I shot up and turned the lights on. And there it was. A faint, but very real, second line staring up at me.
I walked back into the bedroom and announced, “I’m pregnant!” as Alex pulled me into the bed in a giant hug.
“Finally!” he said.
We couldn’t imagine a more beautiful ending to our story: on a small, deserted island, Alex and I returned to one another, and our reconnection created a new life.
As I hugged my husband, the past six months faded away, and our life began to circle around the small ball of cells that now lived in my uterus.

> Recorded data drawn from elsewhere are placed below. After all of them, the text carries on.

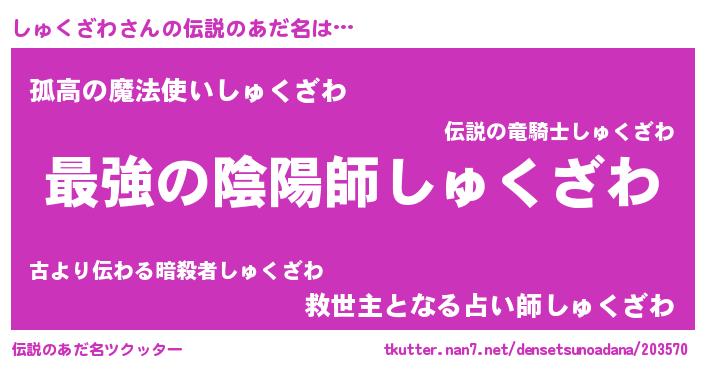 | ヒーロー風カッコイイあだ名 | 『究極戦士シュクザワ』『黄金騎士シュ』 |
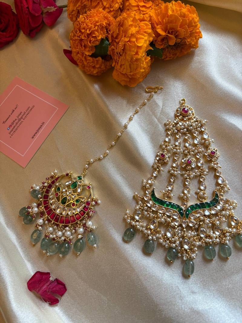 If you find the product for less we'll match it! Know MoreThis exquisite luxurious Gold-Plated Emerald and Kundan Jadau Passa with Maang Tikka is a stunning piece of jewelry that will elevate any bridal or festive look. It features a beautiful combination of emeralds, pink and white Kundan, and mint green beads and pearls, creating a look of timeless elegance. The intricate Jadau work and delicate design make this set a true masterpiece. The Medium size Passa and Maang Tikka can be worn together for a complete bridal look, or separately for a more versatile style.
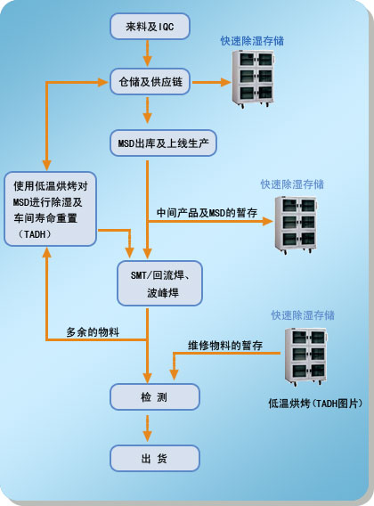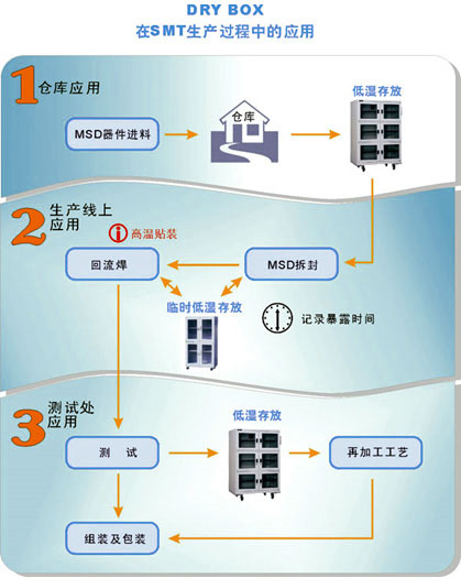 | 3、PCBA工厂MSD存储的流程(低湿柜,干燥柜,干燥箱,防潮柜,防潮箱在PCBA工厂的应用) |
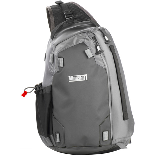 The carbon gray PhotoCross 10 Sling Bag from MindShift Gear is a camera bag that can hold a medium-sized DSLR along with one or two lenses, or a mirrorless camera with five lenses.
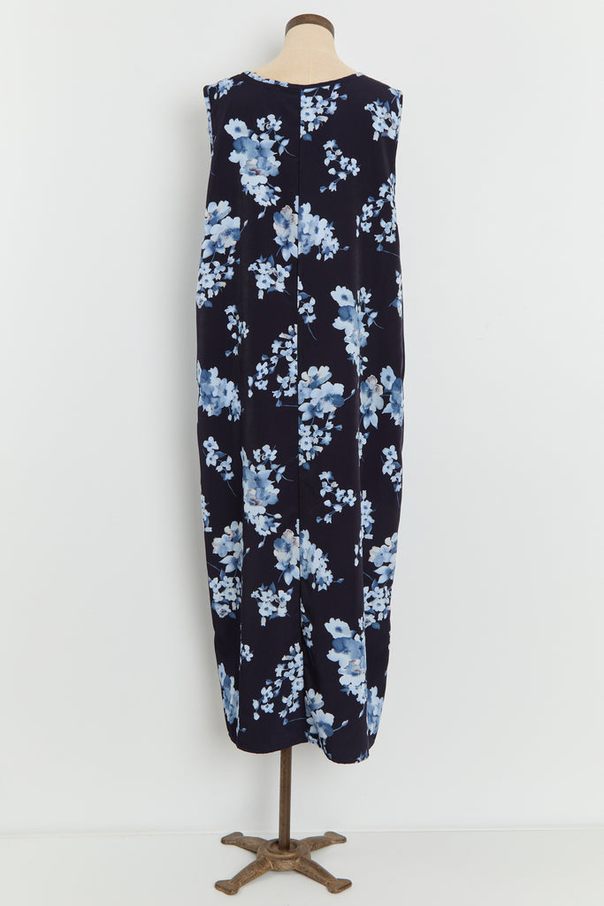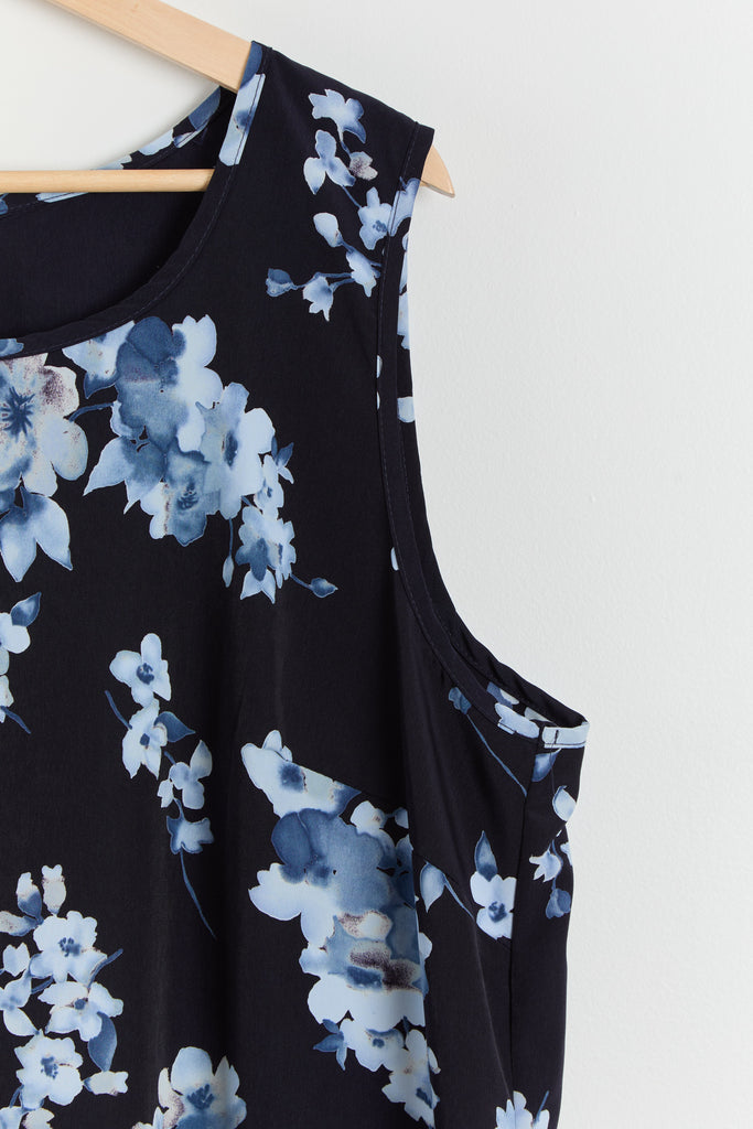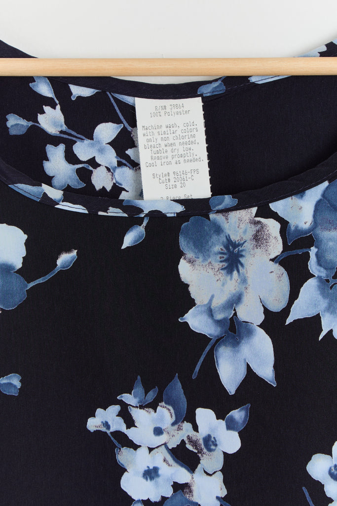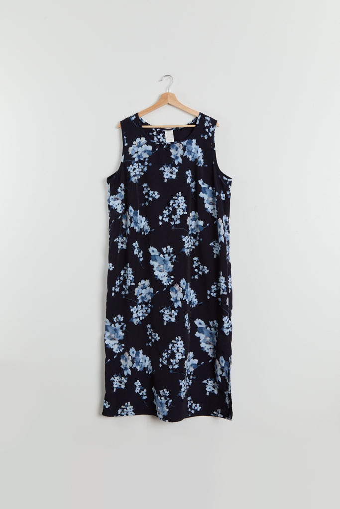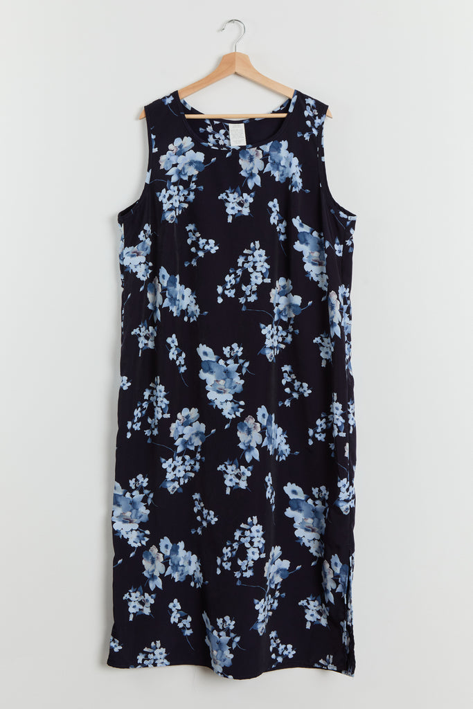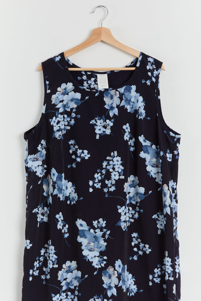 90s Navy Blue Floral Print Tank Dress XL

|Yay! I just made a baby…but I don’t know it!
Up next, pregnancy…
Soapbox afterthought: I am not a doctor, or an expert, and my recommendations cannot solve any medical problems, but I am a woman. And I have this to say…Your fertility is your business. Getting to know your body and cycles can make all the difference when you are trying to conceive. I highly recommend using an ovulation predictor kit. They are pricey to buy on a monthly basis, but you can also use them just once before you start trying to conceive so you know when you ovulate, which can vary from woman to woman (not to mention, it’s always good peace of mind to know that you are, in fact, ovulating). I used the Clear Blue Easy Ovulation test. I also highly recommend using an online tracking website. It does require you to take your basal body temp every morning and monitor your fertility signs, but the extra work results in an incredibly helpful analysis of your most fertile time of the month. The website I used is Fertility Friend, and though you can sign up for free, I opted to pay for the extra features, which include things like alerts when it’s go-time (green light-have sex today, red light-wait), an analysis of your chance of conception each month given the information you’ve inputted, and much more. Obviously there is no guarantee, but after I signed up for the paid features and actually read all the information on the website and USED it…I got pregnant that same month. Just sayin’. One more thing. Pre-Seed. It’s your friend. Saliva and lube are not. Happy baby making!